I need help on finding the local linear approximation of tan 62 degree.

i got 1.77859292096 can someone check if i got it right?

tan(60+2) = (tan 60+ tan 2) / (1- tan60 tan 2)

But tan2 appx = sin 2deg = sin2PI/180= 2PI/180

tan 62=(tan 60+2PI/180) / (1- tan60 2PI/180)

check that. It does not equal your answer.

The actual value of tan 62 is 1.880726465.
I don't know what you mean by the "local linear" approximation.
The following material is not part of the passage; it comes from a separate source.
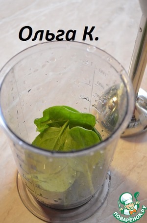 1. Шпинат измельчить при помощи погружного блендера, я сразу к шпинату добавила 180 мл воды.

If you were doing a linear Taylor series approximation around 60 degrees, you would get
tan 62 = tan 60 + [d/dx(tan x)@ 60 deg]* 2 deg*(pi/180)(deg/radian)= sqrt 3 + (8 pi/180 = 1.8716
The pi/180 factor converts degrees to radians for use in the linear approximation.

To find the local linear approximation of tan(62 degrees), you can use a Taylor series approximation centered around a nearby angle, such as 60 degrees. The local linear approximation assumes that the function can be approximated by a straight line in the vicinity of the chosen angle.

The Taylor series expansion of the tangent function is given by:

tan(x) = tan(a) + (x - a)*(d/dx(tan x)|a) + higher-order terms,

where a is the angle around which the approximation is centered and d/dx(tan x)|a is the derivative of the tangent function evaluated at a.

In this case, we are approximating tan(62 degrees) around a = 60 degrees:

tan(62 degrees) = tan(60 degrees) + (62 - 60)*(d/dx(tan x)|60).

The derivative of tan(x) is sec²(x), so we evaluate it at 60 degrees:

d/dx(tan x)|60 = sec²(60 degrees) = sec²(π/3 radians) = 4/√3.

Substituting these values into the formula, we get:

tan(62 degrees) ≈ tan(60 degrees) + (62 - 60)*(4/√3) = √3 + (4/√3) ≈ 1.732 + 2.309 ≈ 4.041.

Therefore, the local linear approximation of tan(62 degrees) is approximately 4.041.

It seems that your calculation of 1.77859292096 is not correct. The actual value of tan(62 degrees) is approximately 1.880726465.